┌──

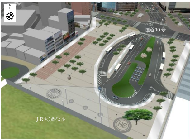
北口駅前広場イメージパース

JR大分駅は1日の平均乗車人員が16,651人(2011年度)で、JR九州の駅別乗車人員数で4位に位置しており、九州における鉄道ネットワークの拠点的な駅となっています。
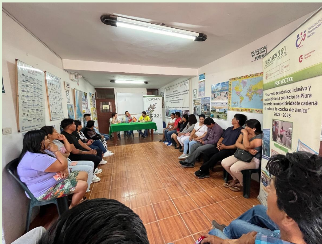
FOTO 3.- Líderes maricultores/as de 15 PYMES, y representantes de la FUNDACIÓN MAINEL en su visita al proyecto, 10 de diciembre del 2024 en ESCAES Sechura.

Durante la reunión se resaltó la intervención de los maricultores quienes agradecieron la presencia de los ilustres visitantes al proyecto, y mencionaron que la capacitación e implementación que vienen recibiendo a través de la ejecución del proyecto, está permitiendo mejorar sus actividades de cultivo de la concha de abanico y diversificar su actividad, haciéndola sostenible en la Bahía de Sechura, mostrando su optimismo de continuar superándose contando con la capacitación que vienen recibiendo por los profesionales de ESCAES igualmente mostraron su agradecimiento a la Cooperación Española por su aporte en la generación de oportunidades de participar en el proyecto, lo que les está permitiendo fortalecer sus capacidades.
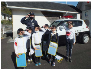
【1・2年生】大川派出所
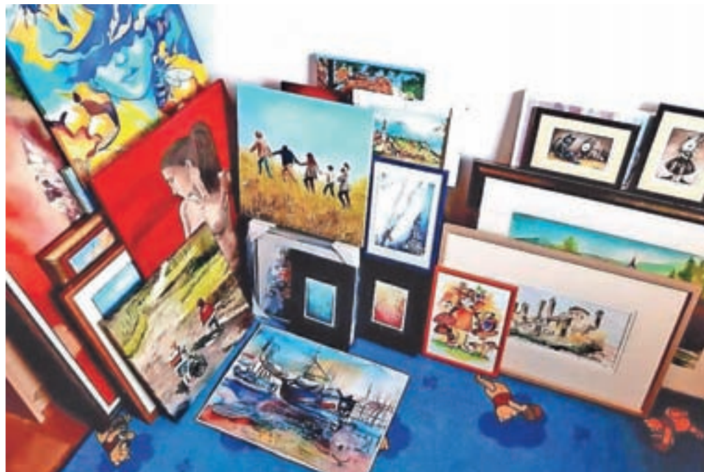
Na dražbi je okrog štirideset umetniških del, ki so jih podarili gorenjski umetniki.
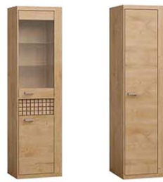
N4 57x40,5x200,5 cm opcja LED blat opcja LED półki N2 57x57,5x200,5 cm opcja trzech półek
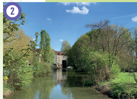
Bords de l'Yerres, Crosne Située à quelques encablures de l'avenue Jean Jaurès, artère principale de Crosne, l'île aux Prévost s'étend sur plus de 7 hectares. Hâvre de quiétude, ce lieu abrite, entre autres, sureaux, églantiers, frênes, érables, ronciers, orties... et laisse une biodiversité s'épanouir.
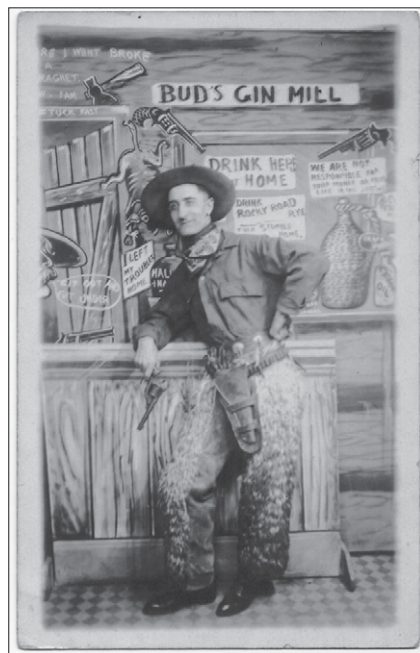
5. Béarnais costumé en cow-boy.
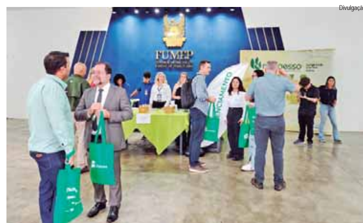
O 2º Fórum reuniu agrônomos, consultores e pesquisadores

Mais de 280 pessoas participaram, em fevereiro, do 2º Fórum Nacional sobre Corretivos de Solos, no Salão Nobre da Fundação Municipal de Ensino de Piracicaba (Fumep). O evento, da Associação Brasileira de Produtores de Calcário Agrícola (Abracal) e organizado pelo Grupo de Apoio à Pesquisa e Extensão (Gape) da Esalq, reuniu engenheiros agrônomos, consultores, pesquisadores e membros da comunidade acadêmica.
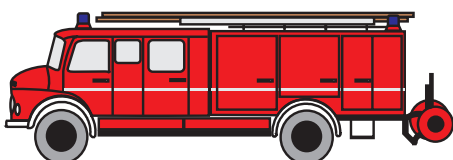
LF 16: Besatzung 1/8

Löschzug "neu" [real] = (6 + 2) FA (SB) + evtl. 6 FA (SB) = 8 ... 14 FA (SB)
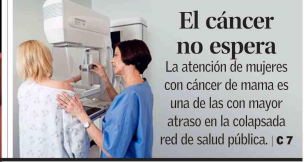
El cáncer no espera La atención de mujeres con cáncer de mama es una de las con mayor atraso en la colapsada red de salud pública. C 7
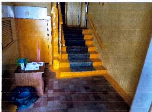
3. Пути движения к группе
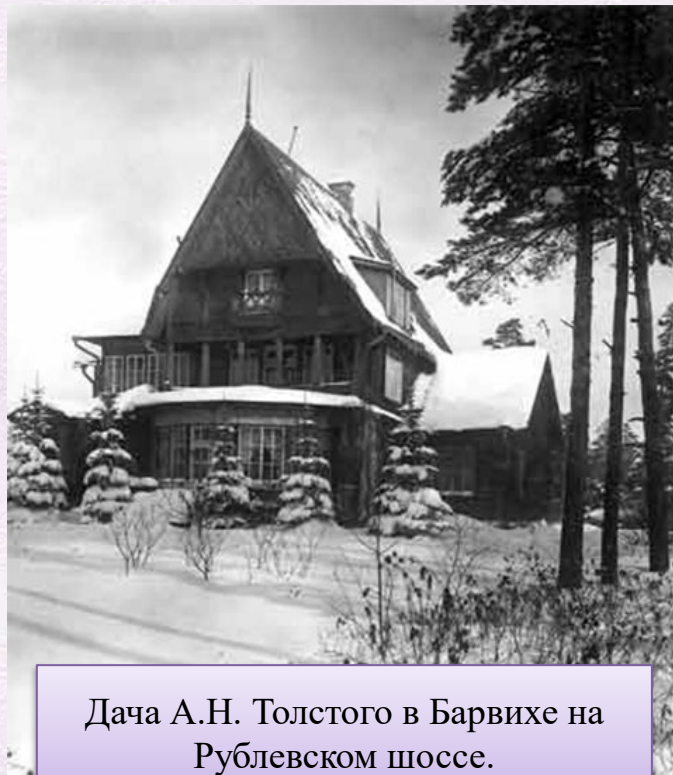
Дача А.Н. Толстого в Барвихе на Рублевском шоссе.

Толстой брался за любую работу, параллельно демонстрируя лояльность к советской власти. В 1930-х годах он окончательно вошел в литературную элиту СССР, а после смерти Максима Горького возглавил Союз писателей СССР .
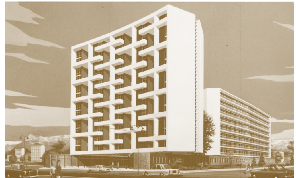
Drawing by / Zeichnung von Oliva & Baronetto, 1969 (Private collection / Privatsammlung Massimo Cotti, architetto).

DE “[Die Wohnung] wurde mit Möbeln eingerichtet, die vom Architekten gestaltet wurden, der auch das Haus entworfen hat. Da es hier keine rechten Winkel gibt – das Haus ist völlig schief – und da es völlig schief ist, mussten Möbel hergestellt werden, die in die Ecken passten. Wir haben diesen Schrank gemacht, als eine Art Kopfteil für das Bett” von Cristina Renzoni geführtes Interview mit Gianluigi B., Bewohner, 2011.
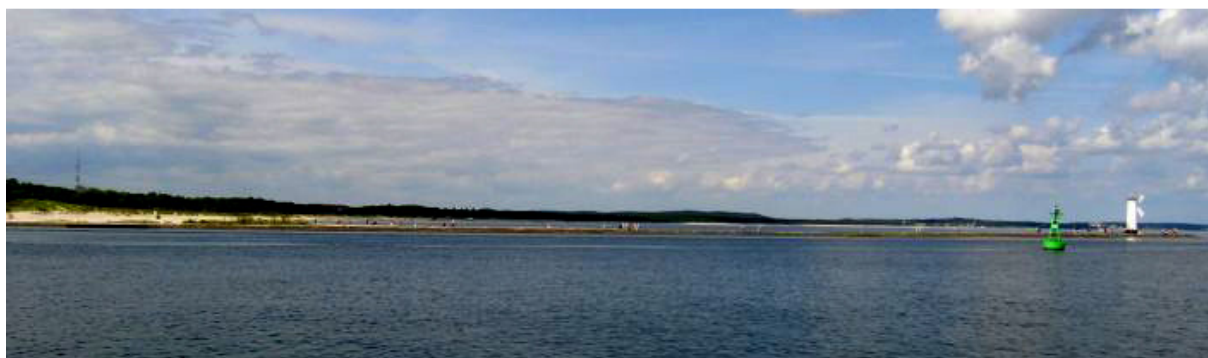
Die Einfahrt nach Swinoujcie

Und was für ein Kurs, mit 132° sind wir genau auf Vorwindkurs, können sogar die Genua ausbaumen und sind damit bei 4 - 5 Bft. ausgesprochen schnell unterwegs. Usedom zieht an uns vorbei, Zinnowitz, Lüttenort, ungefähr hier überholen wir einen Traditionssegler, auf den wir langsam aufgelaufen sind. Dann Bansin, Heringsdorf, Ahlbeck und wir stehen vor der Einfahrt nach Swinoujcie.
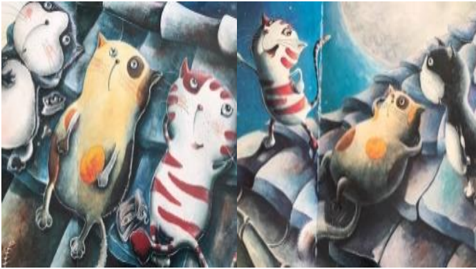
Resim 14.Dostluk değeri görseli

Ayrıca kitabın görsellerinde “ sevgi(2), temizlik (1), yardımseverlik(1), sorumluk (1) ve estetik (1)” değerleri tespit edilmiştir. Konuyla ilgili örnekler aşağıda sunulmuştur.
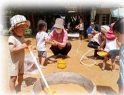
家ではなかなか体験できないどろんこあそび

A 普段は自由あそびといって、お子さんの好きな遊びを親子で楽しめます。年間を通していろいろな育児講座や行事を行っています。下記に少しだけご紹介!!
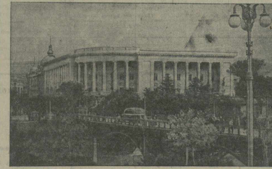
К XXIII годовщине Октябрьской Социалистической революции в Тбилиси, на ул. Жоржеса заканчивается постройка здания Дворца книги. На снимке: общий вид Дворца книги.

Подробный отчет о собрании будет дан в одном из ближайших номеров газеты.
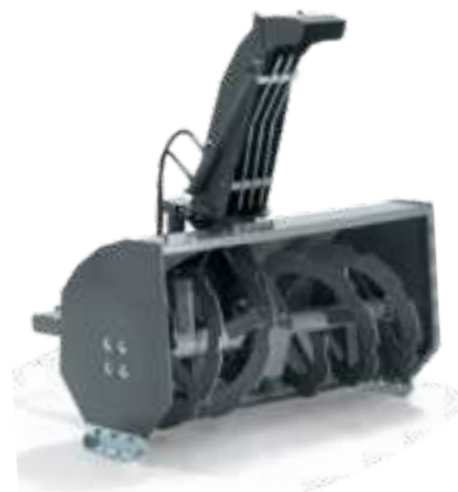
2-х ступенчатый снегоотбрасыватель ST110
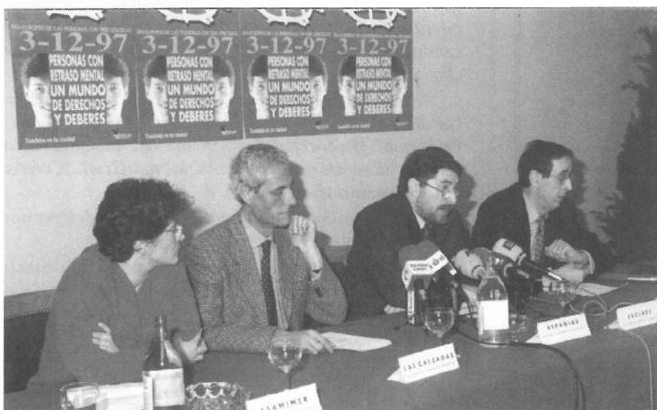
Rueda de Prensa. Día Europeo de las Personas con Discapacidad

(Extracto del pregón de D. Isidro - 21-12-96)
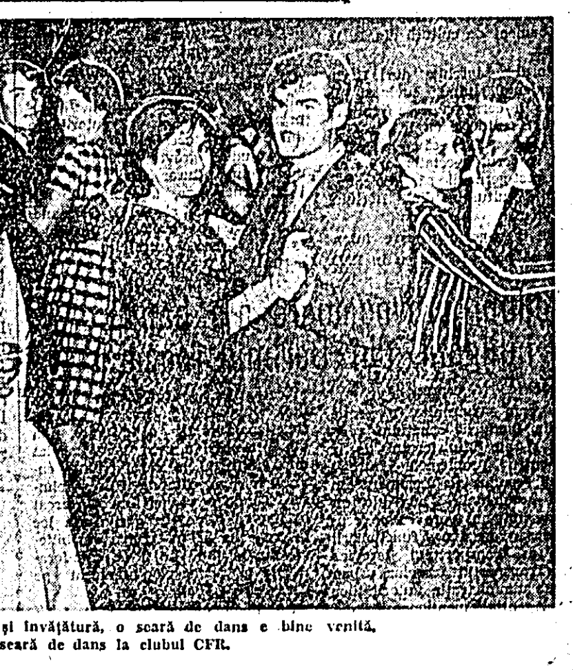
După o săptămîină de muncă și învățură, o seară de dans e bine venită. ÎN CLISEU: aspect de la o seară de dans în clubul CFR.
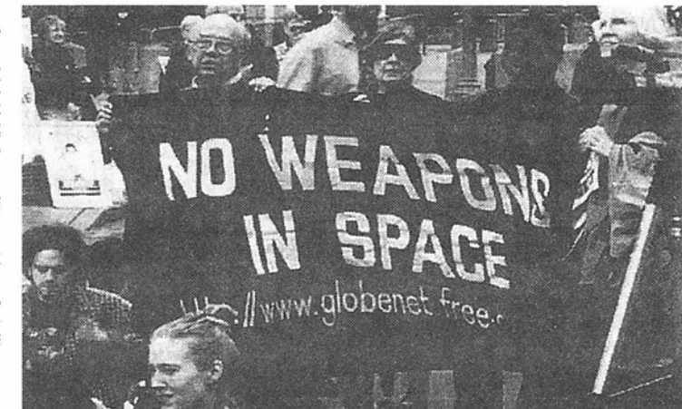
ビデオの一場面から

制作の日本語版が完成、発売されている。ラムスフェルド国防長官は「ABM条約(対弾道ミサイル制限条約)は古くさい」と言い放ち、宇宙軍競争を推進する。アメリカの宇宙軍競争に警鐘をならすビデオ『帰ってきたスターウォーズ』が、30キロ離れた農村地帯の2万5000人が対象。アフガニスタン

└──

*Description of the task*. The expected output is the exact run of lines from the first line of the material above through the line that contains "FOTO 3.- Líderes", minus any pictures.

*Solution to this task*.
北口駅前広場イメージパース

JR大分駅は1日の平均乗車人員が16,651人(2011年度)で、JR九州の駅別乗車人員数で4位に位置しており、九州における鉄道ネットワークの拠点的な駅となっています。
FOTO 3.- Líderes maricultores/as de 15 PYMES, y representantes de la FUNDACIÓN MAINEL en su visita al proyecto, 10 de diciembre del 2024 en ESCAES Sechura.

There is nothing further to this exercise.